ABOUT THIS TASK » Reproduce only this stretch of the listing below: from the line with "Mennyezeti lámpa, fekete-füstszínű, kilenc" through the line with "woman sea nature", exactly as written, with pictures excluded.

DATA SHOWN »
____________

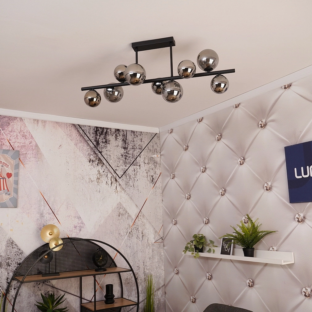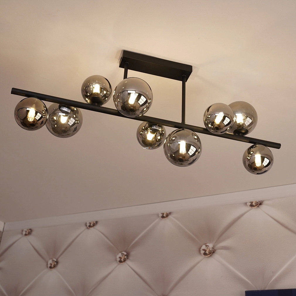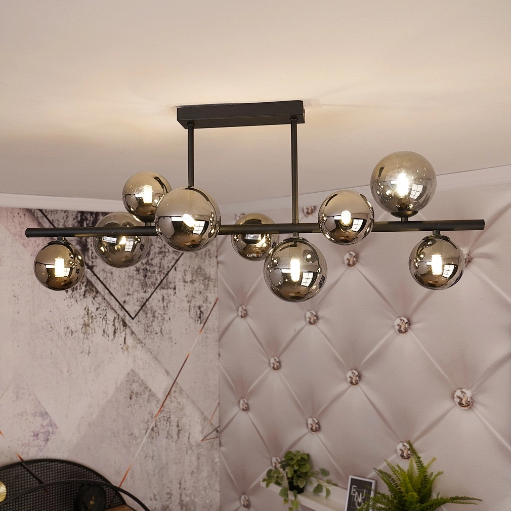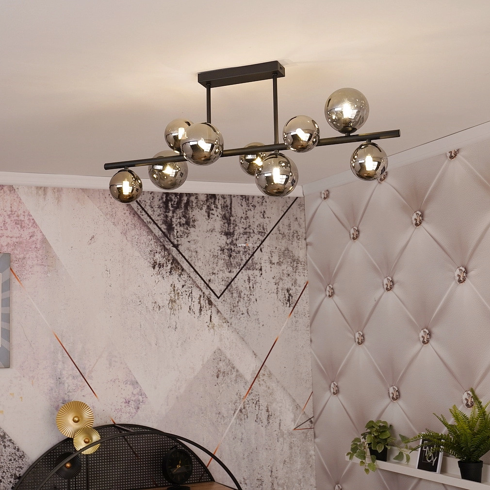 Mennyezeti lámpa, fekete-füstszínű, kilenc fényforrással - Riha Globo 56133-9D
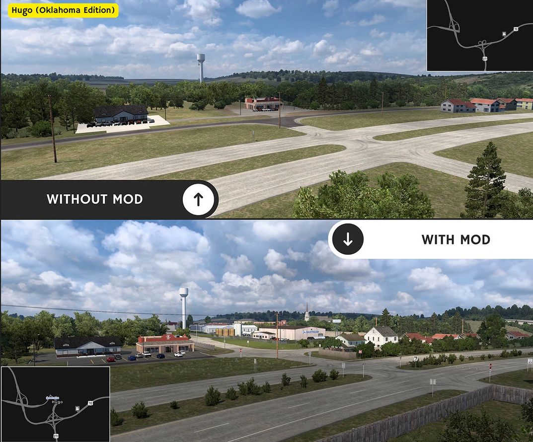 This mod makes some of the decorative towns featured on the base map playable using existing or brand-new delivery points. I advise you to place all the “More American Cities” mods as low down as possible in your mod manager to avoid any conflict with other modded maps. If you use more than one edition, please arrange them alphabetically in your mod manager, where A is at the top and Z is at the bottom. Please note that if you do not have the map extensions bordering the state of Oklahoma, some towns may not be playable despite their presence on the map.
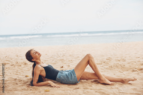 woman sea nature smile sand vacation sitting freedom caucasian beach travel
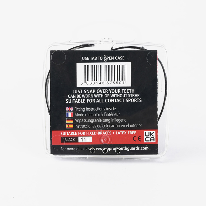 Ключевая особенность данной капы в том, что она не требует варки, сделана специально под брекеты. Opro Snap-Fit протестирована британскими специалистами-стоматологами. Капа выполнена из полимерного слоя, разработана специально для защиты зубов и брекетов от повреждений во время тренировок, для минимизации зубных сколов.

____________

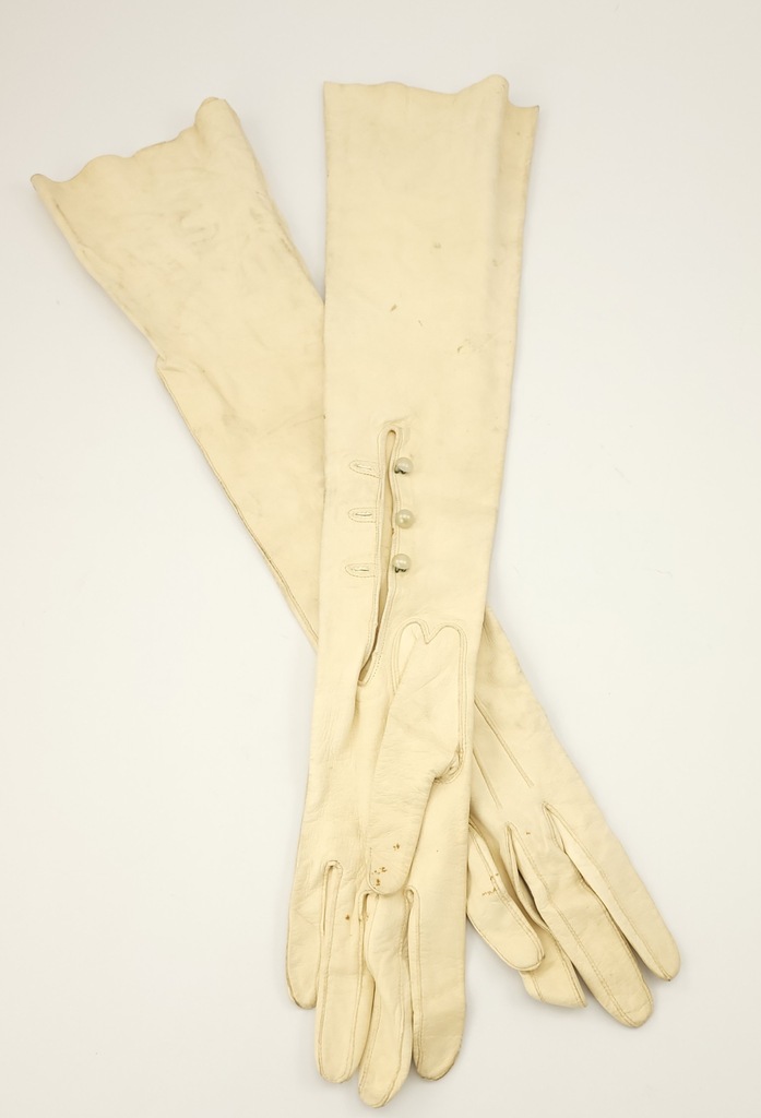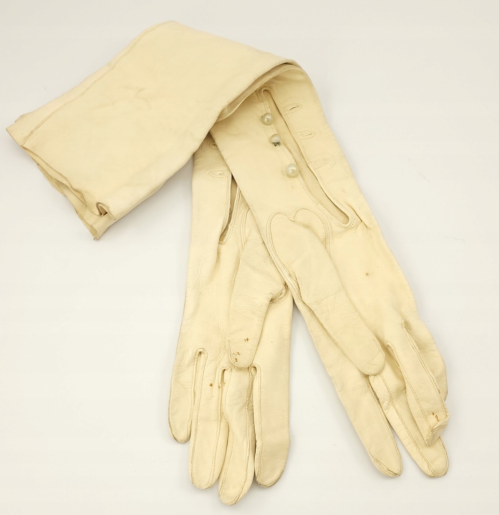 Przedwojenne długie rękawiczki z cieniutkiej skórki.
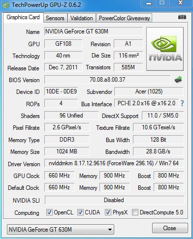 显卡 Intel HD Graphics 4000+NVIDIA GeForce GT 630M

____________

YOUR RESPONSE »
 Mennyezeti lámpa, fekete-füstszínű, kilenc fényforrással - Riha Globo 56133-9D
 This mod makes some of the decorative towns featured on the base map playable using existing or brand-new delivery points. I advise you to place all the “More American Cities” mods as low down as possible in your mod manager to avoid any conflict with other modded maps. If you use more than one edition, please arrange them alphabetically in your mod manager, where A is at the top and Z is at the bottom. Please note that if you do not have the map extensions bordering the state of Oklahoma, some towns may not be playable despite their presence on the map.
 woman sea nature smile sand vacation sitting freedom caucasian beach travel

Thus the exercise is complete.